Sabtu, 10 Desember 2016

Budaya Makanan

Lopis Raksasa : Ikon Syawalan Kota Pekalongan




Kota Pekalongan merupakan kota yang berada di pesisir pantai utara Jawa Tengah. Lokasi tersebut membuat Pekalongan menjadi salah satu wilayah, yang pertama kali dimasuki ajaran islam. Selain ajaran islam, Kota Pekalongan juga terkenal kental akan tradisi dan budaya yang masih dipertahankan. Menurut bapak Darmoko, seorang ahli budaya jawa dari Universitas Indonesia, daerah yang berada di pesisir pantai termasuk didalamnya adalah Pekalongan, adalah daerah yang kental dengan budaya islam.
Krapyak, merupakan salah satu kelurahan di Kota Pekalongan yang terletak di daerah pesisir.

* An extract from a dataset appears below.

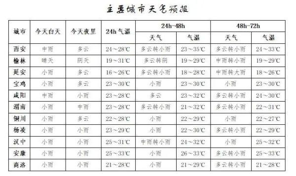 陕西未来几天天气预报

Daerah ini memiliki tradisi,  yang sampai saat ini masih dipelihara oleh masyarakat. Salah satunya adalah tradisi syawalan. Tradisi tersebut dirayakan seminggu setelah idul fitri dimana masyarakat telah selesai melaksanakan puasa sunnah selama seminggu penuh diawal bulan syawal. Menurut sesepuh Krapyak, Bapak KH. Zainudin Ismail, syawalan dipelopori oleh salah satu ulama besar Pekalongan yakni KH. Abdullah Sirodj, yang menjadi panutan bagi semua masyarakat pekalongan di era kolonial belanda.

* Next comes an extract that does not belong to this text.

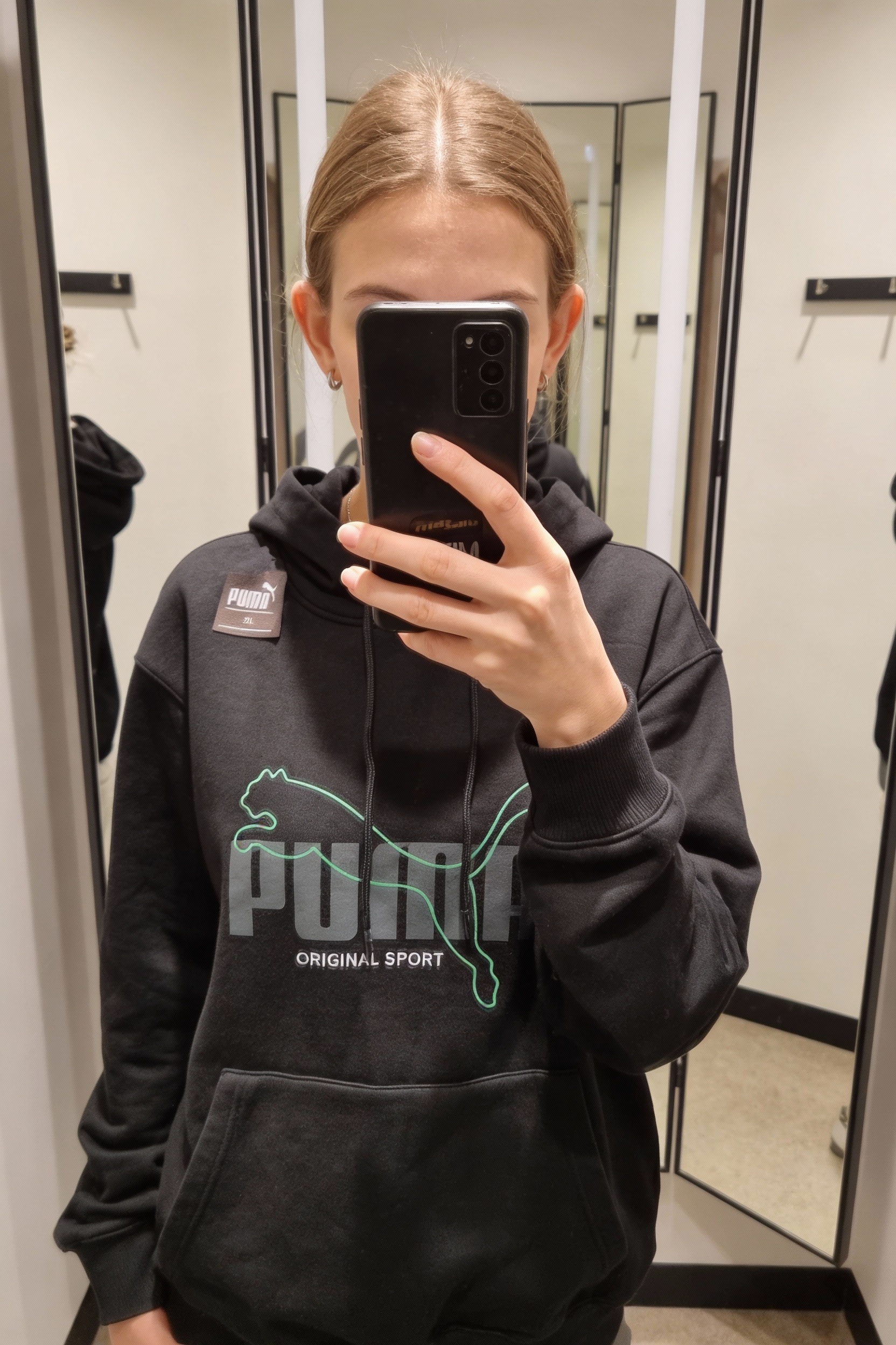 Una persona con Sudadera vintage Puma talla mujer de pie, mirando a la cámara, en un probador con estilo boutique, con espejo y decoración neutra.

Setelah selesai menjalankan puasa sunah di bulan syawal, semua masyarakat melakukan syukuran atau perayaan dengan tujuan untuk menambah dan memperat tali silaturahmi antar sesama warga. Karena syukuran dilaksanakan dibulan syawal, maka disebut dengan istilah syawalan. Salah satu makanan yang disajikan saat syawalan adalah, lopis. Lopis dibuat dengan ukuran yang besar, agar dapat dibagikan kepada seluruh sanak saudara, maupun masyarakat yang hadir. Dahulu, kegiatan syawalan berasal dari dana swadaya masyarakat, akan tetapi karena semakin meriahnya tradisi syawalan setiap tahunnya, maka sebagai bentuk dukungan, pemerintah Kota Pekalongan  memberikan bantuan berupa dana operasional yang bersumber dari RAPB (Rancangan Anggaran Pendapatan dan Belanja) yaitu sebesar 30 juta rupiah untuk kegiatan syawalan setiap tahunnya.



Pembuatan Lopis
Pembuatan lopis raksasa merupakan budaya kota pekalongan yang dilakukan secara rutin pada bulan syawal. Dimana pada hari pertama ini pembuatan lopis raksasa memasuki tahap pertama, yaitu pencucian beras ketan, pengukusan, penumbukan, dan pembentukan. Pada proses pengukusan ditambahkan daun pandan agar menghasilkan aroma yang khas pada ketan. Beras ketan yang digunakan  untuk pembuatan lopis raksasa sebanyak 4 kwintal  dengan tinggi dandang hampir mencapai dua meter. Pada hari pertama masyarakat bahu membahu dalam proses pembuatan lopis raksasa  tersebut. Hari itu, warga krapyak kidul nampak antusias dan bersemangat.
Hari kedua pembuatan lopis raksasa di Krapyak Kidul, kini telah memasuki tahap pembalikan lopis , dimana untuk proses pembalikan lopis sendiri, menggunakan alat, berupa katrol. Sebelum proses pembalikan, lopis raksasa yang berbahan beras ketan seberat 4 kwintal tersebut, dikukus dengan dandang ukuran besar. Karena ukuran lopis yang lebih besar dari pada biasanya, penarikan dengan katrol dilakukan oleh lebih dari 8 orang dewasa. Ukuran lopis sendiri dari tahun ke tahun mengalami peningkatan.
Di hari ketiga pembuatan lopis raksasa, kini telah memasuki tahap pengangkatan. Proses pengangkatan sendiri, tidak berbeda jauh dengan tahap pembalikan, yaitu masih menggunakan katrol, sebagai alat bantunya. Tahap pengangkatan lopis dari dandang raksasa, dilakukan oleh sekitar  lebih dari 10 orang, karena dibutuhkan kekompokan antara satu dengan yang lain. Setelah lopis berhasil diangkat dari dandang, kemudian lopis diletakkan ke panggung kayu berukuran sedang dan rencananya lopis akan berada di panggung kayu tersebut, hingga perayaan syawalan tiba.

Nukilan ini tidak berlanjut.